→ Brief: Without the pictures, give every record again exactly.

******

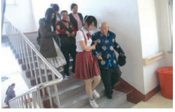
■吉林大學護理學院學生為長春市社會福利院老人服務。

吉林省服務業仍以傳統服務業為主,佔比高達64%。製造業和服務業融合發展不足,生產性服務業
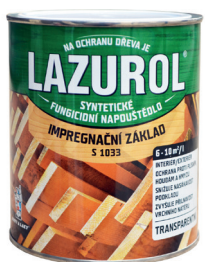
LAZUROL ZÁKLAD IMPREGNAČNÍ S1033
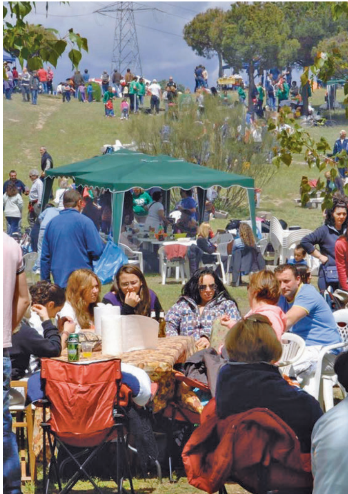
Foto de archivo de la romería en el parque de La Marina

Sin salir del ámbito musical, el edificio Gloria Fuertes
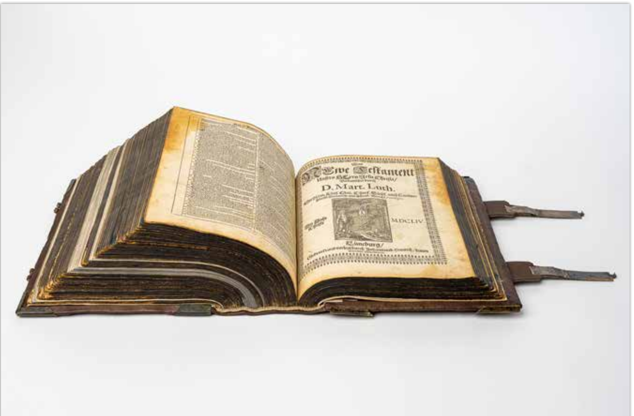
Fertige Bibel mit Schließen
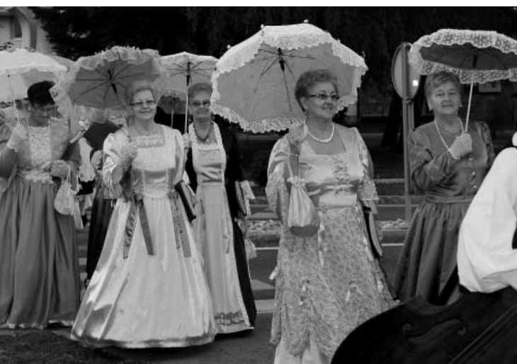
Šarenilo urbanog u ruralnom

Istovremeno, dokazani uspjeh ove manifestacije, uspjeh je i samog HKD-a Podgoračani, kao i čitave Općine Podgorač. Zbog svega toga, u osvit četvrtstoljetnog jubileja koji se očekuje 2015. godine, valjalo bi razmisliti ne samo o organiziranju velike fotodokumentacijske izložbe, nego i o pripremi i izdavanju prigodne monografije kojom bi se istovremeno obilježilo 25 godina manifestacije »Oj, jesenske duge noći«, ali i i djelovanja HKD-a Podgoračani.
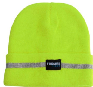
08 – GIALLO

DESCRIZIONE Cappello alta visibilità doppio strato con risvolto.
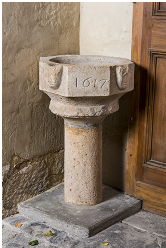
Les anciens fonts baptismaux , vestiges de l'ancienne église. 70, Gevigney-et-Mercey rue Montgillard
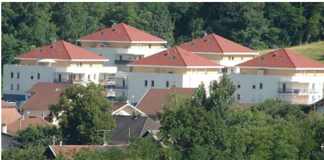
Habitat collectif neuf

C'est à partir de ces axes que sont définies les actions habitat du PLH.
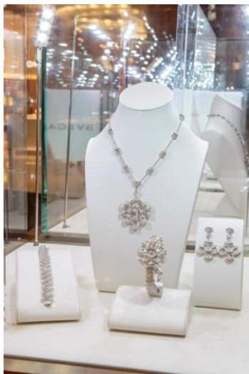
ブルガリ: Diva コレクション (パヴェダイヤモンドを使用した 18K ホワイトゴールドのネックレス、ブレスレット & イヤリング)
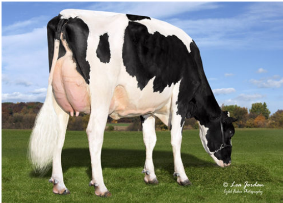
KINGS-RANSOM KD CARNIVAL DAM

******

→ Solution to the exercise:
■吉林大學護理學院學生為長春市社會福利院老人服務。

吉林省服務業仍以傳統服務業為主,佔比高達64%。製造業和服務業融合發展不足,生產性服務業
LAZUROL ZÁKLAD IMPREGNAČNÍ S1033
Foto de archivo de la romería en el parque de La Marina

Sin salir del ámbito musical, el edificio Gloria Fuertes
Fertige Bibel mit Schließen
Šarenilo urbanog u ruralnom

Istovremeno, dokazani uspjeh ove manifestacije, uspjeh je i samog HKD-a Podgoračani, kao i čitave Općine Podgorač. Zbog svega toga, u osvit četvrtstoljetnog jubileja koji se očekuje 2015. godine, valjalo bi razmisliti ne samo o organiziranju velike fotodokumentacijske izložbe, nego i o pripremi i izdavanju prigodne monografije kojom bi se istovremeno obilježilo 25 godina manifestacije »Oj, jesenske duge noći«, ali i i djelovanja HKD-a Podgoračani.
08 – GIALLO

DESCRIZIONE Cappello alta visibilità doppio strato con risvolto.
Les anciens fonts baptismaux , vestiges de l'ancienne église. 70, Gevigney-et-Mercey rue Montgillard
Habitat collectif neuf

C'est à partir de ces axes que sont définies les actions habitat du PLH.
ブルガリ: Diva コレクション (パヴェダイヤモンドを使用した 18K ホワイトゴールドのネックレス、ブレスレット & イヤリング)
KINGS-RANSOM KD CARNIVAL DAM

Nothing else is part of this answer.